Tabelle 2: Schwedischer Antibiotikaverbrauch bezogen auf die Wirksamkeit (biologische Aktivität) der einzelnen Antibiotikagruppen (durch einen Faktor in Relation zur Oxytetracyclindosierung als Standard gesetzt) (1)
Antibiotika – Gruppe | 1986 | 1990 | 1994 | 1995 | 1996 |
Tetracycline | 6585 | 4572 | 7730 | 4968 | 2733 |
Macrolide | 6664 | 8394 | 10206 | 10816 | 8808 |
Fluochinolone | 0 | 2016 | 5904 | 4300 | 4152 |
Pleuromutiline | 0 | 2748 | 5580 | 10668 | 13704 |
Gesamtverbrauch an Antibiotika | 13499 | 17730 | 29420 | 31254 | 29397 |
Per Rezeptblock
Andere Autoren (2) stellen die Frage, ob es tatsächlich ein Fortschritt im Sinne einer Minimierung von der Gefahr der Resistenzentwicklungen ist, wenn die gleichen Substanzen weiterhin gebraucht werden, nur mit dem Unterschied, daß sie heute per Rezept in die Tierbestände kommen oder wenn Olaquindox in Schweden zum Standardtherapeutikum in der Durchfallprophylaxe beim Schwein wurde? Olaquindox wird in Schweden in einer Dosierung 100 – 160 mg / kg Futter anstelle von maximal 50 mg vor 1986 eingesetzt. In diesen hohen Dosierungen sind nachteilige Effekte auf die Tiergesundheit wie die Schädigung der Nebennierenrinde und Verhaltensstörungen (Kannibalismus) zu erwarten (4, 5). Die Gesamtmenge an Olaquindox betrug 1993 immer noch ca. 50 % der Menge die vor 1986 verwendet (3).
Zinkoxid
Oder ist es schließlich ein Fortschritt wenn gerade wegen der Desavouierung der antibiotischen Substanzen der Boom in der Durchfallprophylaxe beim Zinkoxid liegt (2)? Der schwedische Verbrauch von Zinkoxid stieg von wenigen Kilogramm in 1986 auf mehr als 42 Tonnen in 1996. Schwedische Untersuchungen (6) zeigen, daß Zinkoxid oft in seiner antibakteriellen Wirkung dem Olaquindox überlegen ist (7).
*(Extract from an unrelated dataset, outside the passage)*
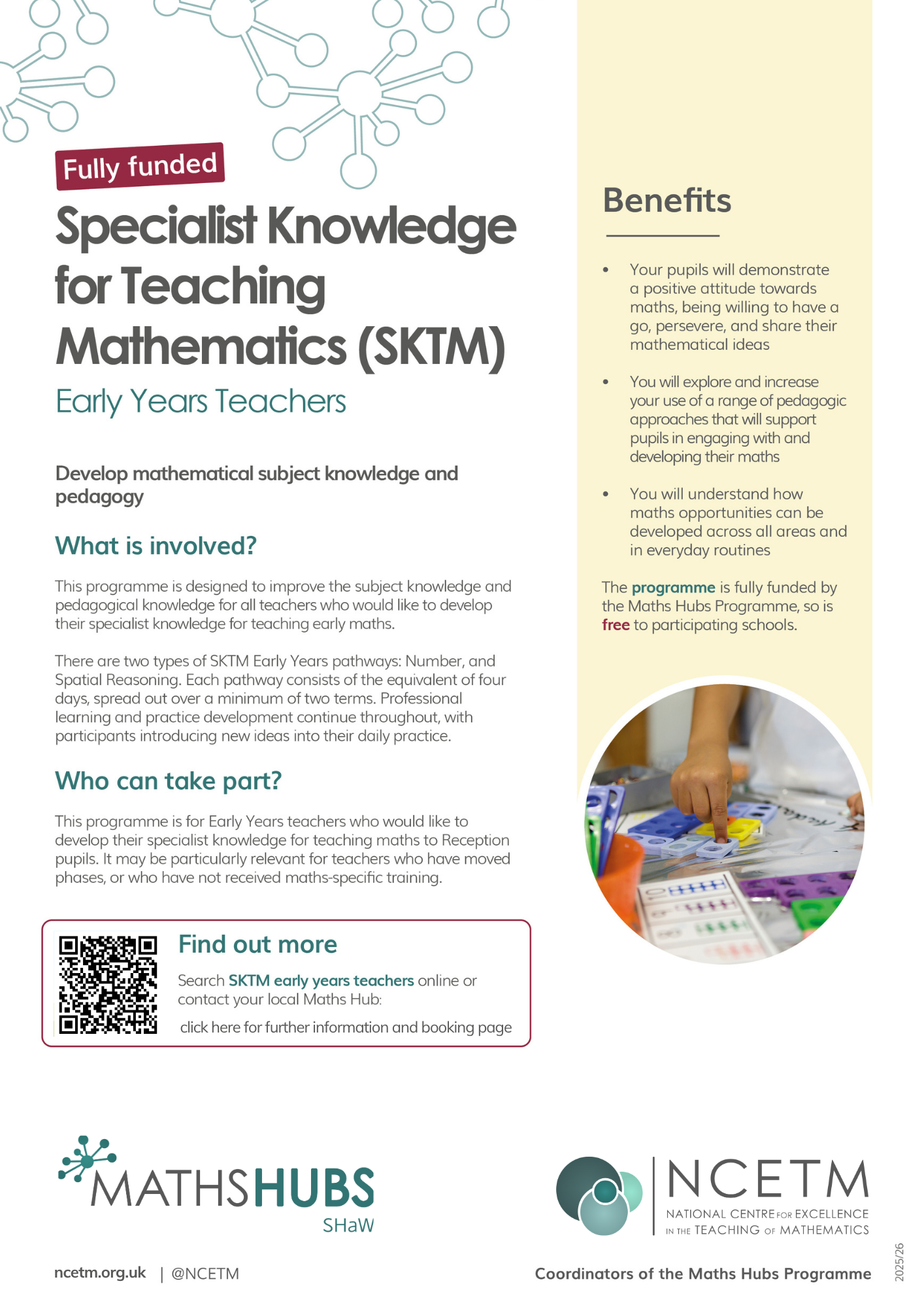 This programme supports Early Years teachers to develop specialist knowledge for teaching maths, complementing best practices in Early Years and developmental learning trajectories.

Es muß in diesem Zusammenhang darauf hingewiesen werden, daß verschiedene Schwermetalle zu einer Resistenzentwicklung bei Bakterien beitragen können und umweltbelastend sind. Schon jetzt sind die Ackerböden an vielen Standorten erheblich mit Zink, Kupfer, Cadmium und Blei belastet (8).
Fazit
Es ist dringend geboten, die Diskussion um Leistungsförderer zu versachlichen. Insbesondere müssen die möglichen Folgen eines pauschalen Verbotes auf den Gesundheitszustand der Bestände und hieraus resultierenden erhöhten Arzneimitteleinsatz bedacht werden.
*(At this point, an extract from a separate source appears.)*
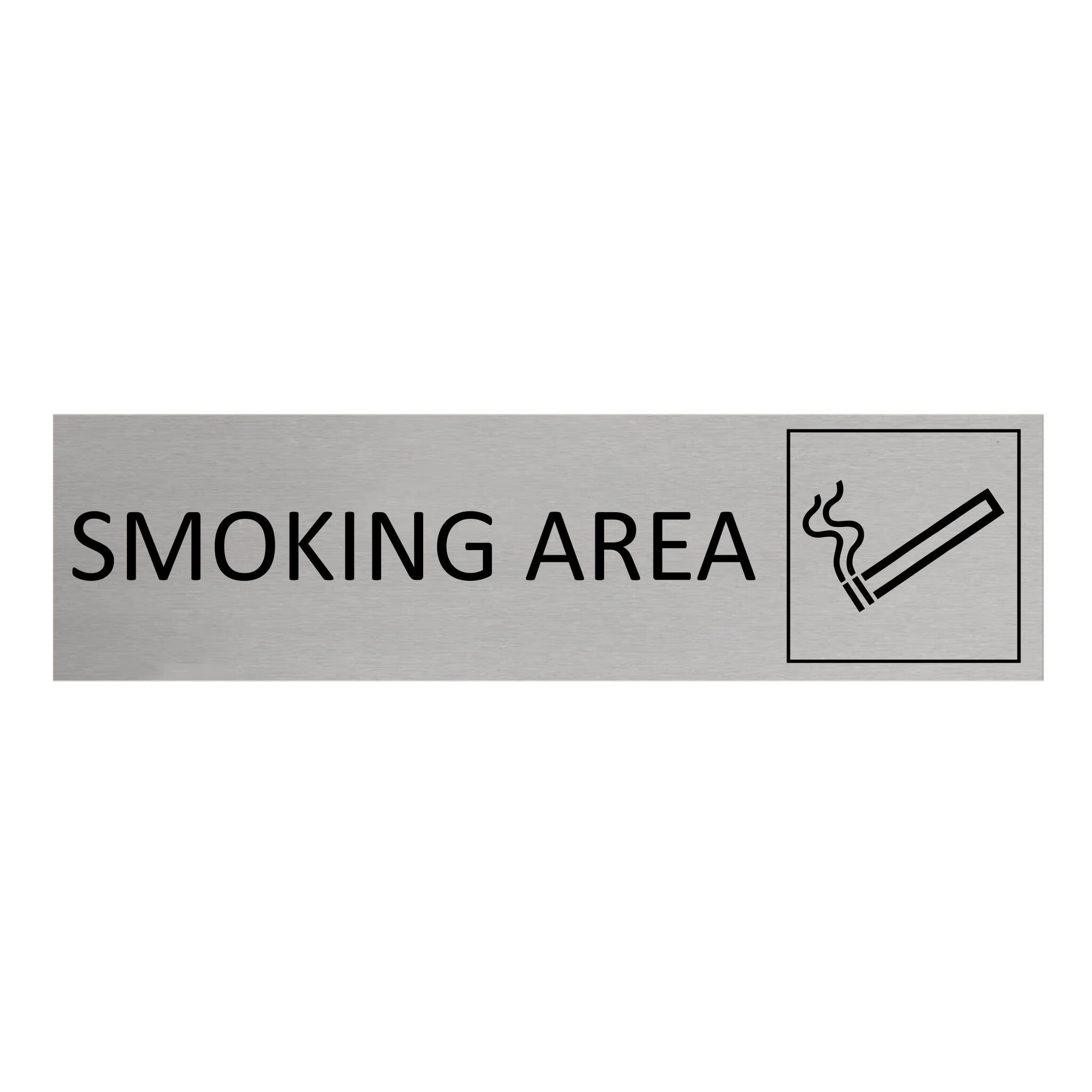 Deurbordje met de tekst 'Smoking area', gemaakt van zilverkleurig aluminium, Het bordje heeft afmetingen van 165 x 45 mm. Voorzien van dubbelzijdige tape voor makkelijke bevestiging. Geschikt voor binnen en buiten. Per 1 stuk.

Literatur: < 1. Animal pharm No. 401 17. Juli 1998, S. 3
2. Kamphues, J. (1998) Erfahrungen in Schweden seit dem Verbot
antimikrobiell wirksamer Leistungsförderer, Der Praktische Tierarzt 79, 2 S:174 – 175
3. Göransson et al. (1995), zit. n. Kamphues 1998
4. Plonait, H. u. K. Bickhardt (1988) Lehrbuch der
Schweinekrankheiten, Verlag Paul Parey Berlin u. Hamburg
5. Frey, H. H. u. W. Löscher (1996) Lehrbuch der
Pharmakologie und Toxikologie für dir Veterinärmedizin, Ferdinand Enke Verlag Stuttgart
6. Holmgren, N. (1994) [ Prophylactic effects of zinc oxide or
olaquindox against weaning diarrhoea in pigs.] Profylaktiska effekter av zinkoxid eller
olaquindox mot avvanjningsdiarre hos svin. Svensk-Veterinartidning. 46 S. 217 – 222.
7. Hunter, J. (1993) Some studies on multi-resistant E. coli and the
use of antibiotics in the treatment of diarrhoea in pigs. Pig-Veterinary-Journal. 31S. 143
151
8. Leinweber, P. (1996) Schwermetallgehalte und
Schwermetallbindungsvermögen der Böden im agrarischen Intensivgebiet Südoldenburg [ISPA ]. Vechta Druckerei. u. Verlag.